On ash, dash and bash, when I run

$ echo ab$

it returns

ab$

Is this behavior specified by POSIX or is it just a common convention in POSIX-compliant shells? I couldn't find anything on the POSIX Shell Command Language page that mentions this behavior.

A $ followed by an space (or no character) is unspecified by POSIX.

The '$' character is used to introduce parameter expansion, command substitution, or arithmetic evaluation. If an unquoted '$' is followed by a character that is not one of the following:

• A numeric character


• The name of one of the special parameters (see Special Parameters)


• A valid first character of a variable name


• A <left-curly-bracket> ( '{' )


• A <left-parenthesis>

the result is unspecified.

To make it explicit, a $ that is not followed by a character in this regex:

 [0-9a-zA-Z@*#?$!-]

is explicitly unspecified: any result is allowed by POSIX.

That is: any specific result is not guaranteed by POSIX.

Or, if used, there is not way to know what whould be done by following POSIX.

However, all implementations that I know of accept a trailing $ as part of the preceding word (if any).

$ does not have a special meaning by itself (try echo $), only when combined with other character after it and forming an expansion, e.g. $var (or ${var}), $(util), $((1+2)).

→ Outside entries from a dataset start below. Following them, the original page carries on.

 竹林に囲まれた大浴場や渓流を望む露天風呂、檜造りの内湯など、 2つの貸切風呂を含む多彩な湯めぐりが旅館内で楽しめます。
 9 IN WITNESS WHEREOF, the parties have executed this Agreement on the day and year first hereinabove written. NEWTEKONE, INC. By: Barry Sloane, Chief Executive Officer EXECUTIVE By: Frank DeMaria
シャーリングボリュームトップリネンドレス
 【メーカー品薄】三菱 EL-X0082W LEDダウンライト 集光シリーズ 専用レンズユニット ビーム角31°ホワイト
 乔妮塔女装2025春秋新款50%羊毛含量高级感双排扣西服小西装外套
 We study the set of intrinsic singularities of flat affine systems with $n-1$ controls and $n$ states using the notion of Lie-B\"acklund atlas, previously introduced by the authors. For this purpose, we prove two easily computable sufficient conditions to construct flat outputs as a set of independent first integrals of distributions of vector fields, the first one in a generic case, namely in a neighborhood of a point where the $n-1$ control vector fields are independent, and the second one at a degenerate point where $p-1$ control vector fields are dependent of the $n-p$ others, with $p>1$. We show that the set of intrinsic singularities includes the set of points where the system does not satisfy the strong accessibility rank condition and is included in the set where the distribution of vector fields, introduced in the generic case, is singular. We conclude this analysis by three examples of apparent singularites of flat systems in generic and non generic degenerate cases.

The $ gets its "special" meaning as defining an expansion in the POSIX standard under the section Token Recognition:

If the current character is an unquoted $ or `, the shell shall identify the start of any candidates for parameter expansion, command substitution, or arithmetic expansion from their introductory unquoted character sequences: $ or ${, $( or `, and $((, respectively. The shell shall read sufficient input to determine the end of the unit to be expanded. While processing the characters, if instances of expansions or quoting are found nested within the substitution, the shell shall recursively process them in the manner specified for the construct that is found. The characters found from the beginning of the substitution to its end, allowing for any recursion necessary to recognize embedded constructs, shall be included unmodified in the result token, including any embedded or enclosing substitution operators or quotes. The token shall not be delimited by the end of the substitution.

So, if $ does not form an expansion, other parsing rules come into effect:

If the previous character was part of a word, the current character shall be appended to that word.

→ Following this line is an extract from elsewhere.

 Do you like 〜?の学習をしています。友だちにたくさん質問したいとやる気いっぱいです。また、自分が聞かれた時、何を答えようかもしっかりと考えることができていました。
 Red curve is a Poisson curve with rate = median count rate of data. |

That covers your ab$ string.

In the case of a lone $ (the "new word" would be the $ by itself):

The current character is used as the start of a new word.

The meaning of the generated word containing a $ that is not a standard expansion is explicitly defined as unspecified by POSIX.

Also note that $ is the last character in $$, but that this also happens to be the variable that holds the current shell's PID. In bash, !$ may invoke a history expansion (the last argument af the previous command). So in general, no, $ is not without meaning at the end of an unquoted word, but at the end of a word it does at least not denote a standard expansion.